Jonathan Trott ton the highlight as England complete Test warm-up in India

Haryana 334 & 133-6 drew with England 521 & 254-7

Jonathan Trott bagged a century but England had to settle for a third successive stalemate in their final warm-up match against Haryana.

The tourists dominated for most of the four days and jockeyed a position to push for an unlikely victory in the final session.

But in the end, their hosts held out on 133 for six in notional pursuit of 442 to win.

Trott's 101 (retired out) is England's fifth century in three fixtures before the first Test against India starts on Thursday, and their likely top seven in that match have all made at least one 50 too.

Runs have been no problem, on flat pitches, but wickets have been more of a challenge - and after a mid-afternoon declaration on 254 for seven, try as they might they were unable to overhaul that trend on perhaps the least responsive surface of all.

Minor hopes were raised for a morale-boosting win with two wickets before tea and two more soon afterwards.

Stuart Meaker got rid of first-innings centurion Rahul Dewan for only 13, and Samit Patel won a second lbw verdict against Sachin Rana.

Tim Bresnan, England's likeliest wicket-taker throughout, was rewarded for his hard work and patience when the adventurous Sunny Singh went after off side runs but could only edge behind - and then Abhimany Khod registered his second single-figure score of the match when he too was caught by Matt Prior, having pushed forward in defence at the Yorkshireman.

Then Nitin Saini (50) edged Monty Panesar behind on the forward defence to make it 96 for five with more than an hour remaining - but despite an overdue wicket too for Graham Onions, it transpired the opener's 84 balls of defiance had given England too much to do.

The tourists had chosen to bat on longer than most expected on the final day.

They faced less than nine overs of spin for their trouble, from rookie Jayant Yadav rather than Test bowler Amit Mishra - a continued ruse, to starve them of more useful practice, which has been attributed to India's former England coach Duncan Fletcher.

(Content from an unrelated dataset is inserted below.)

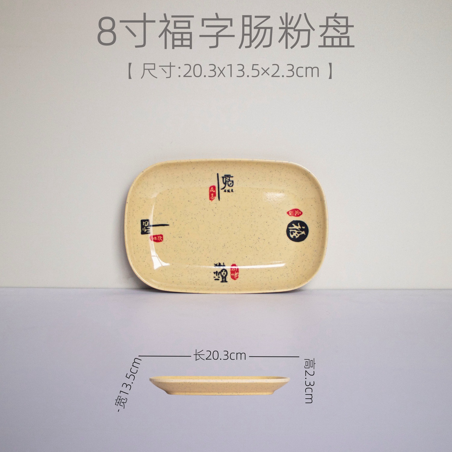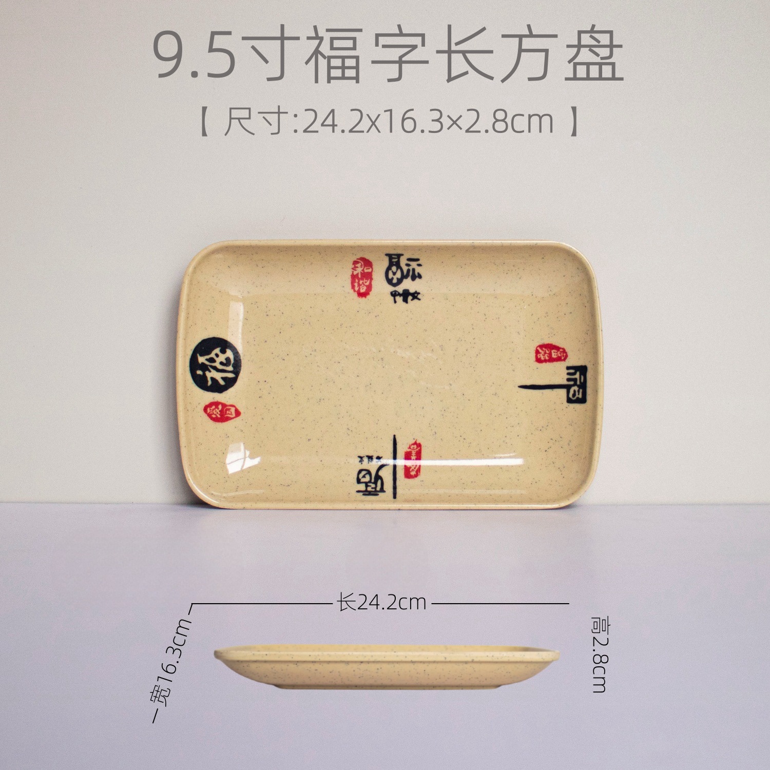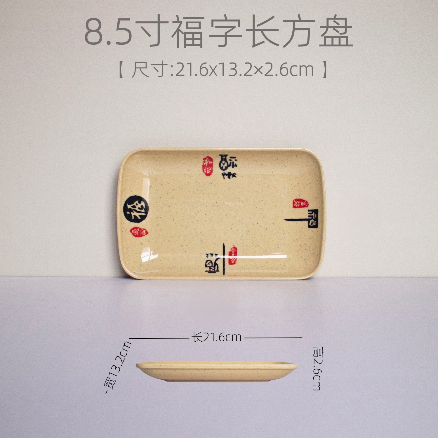 멜라민 쌀 롤 요리 중국 광장 접시 도매 쌀 긴 사각형 접시 상업 축복 단어가 두꺼워졌다 5 축복 안티 스케일링

Trott's first-wicket stand with Nick Compton (79) ended when the latter was caught behind down the leg side off Rana.

England's prospective new Test opener therefore fell short of a century but will still go into his anticipated Test debut on the back of three consecutive 50s.

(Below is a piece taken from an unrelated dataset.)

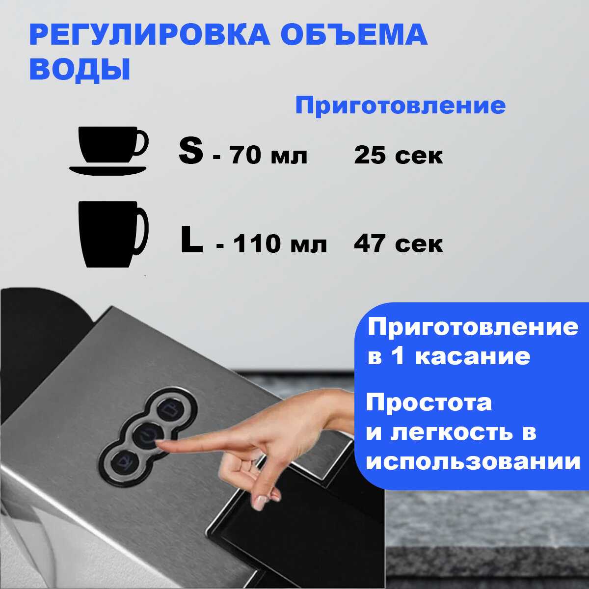 Резервуар маленький из-за компактных габаритов, подходит для 1-2 чашек. Иногда не встает плотно с первого раза, что приводит к лужам на столе. Пользователи советуют проверять фиксацию. Продолжают наблюдение без серьезных проблем. -

Ian Bell came in at number three as Kevin Pietersen chose, like his captain Alastair Cook - to allow others more batting practice after his first-innings hundred.

A series of scampered singles, and two direct hits, were the nearest Haryana came to breaking the partnership as both Trott and Bell narrowly survived third-umpire run-out calls.

There was then a collector's item sighting of a Trott six, hit straight off Chanderpal Saini as he moved into the 90s, and soon afterwards he completed his four-hour century from 180 balls.

With Prior unlucky to be run out backing up before lunch, in 45 minutes of increasingly meaningless batting afterwards England lost four wickets for the addition of 33 runs.

They could have done without ducks for previously in-form pair Patel and Pietersen, but the circumstances ensured neither would dwell on their failure for long.

As for the tourists' collective well-being, one victory from 10 days of slog under the sub-continental sun over the past two weeks would have been encouraging reward.

As long as they get their just desserts in 20 days of Test cricket still to come, however, they will have no reason to complain.

Graeme Swann will be back with the squad in India by tomorrow, after spending four days at home with his wife while his baby daughter was unwell.

Stuart Broad bowled in the nets for the first time today since bruising his heel against Mumbai A last week, and was joined by fellow seamer Steven Finn, who continues his recovery from a thigh strain.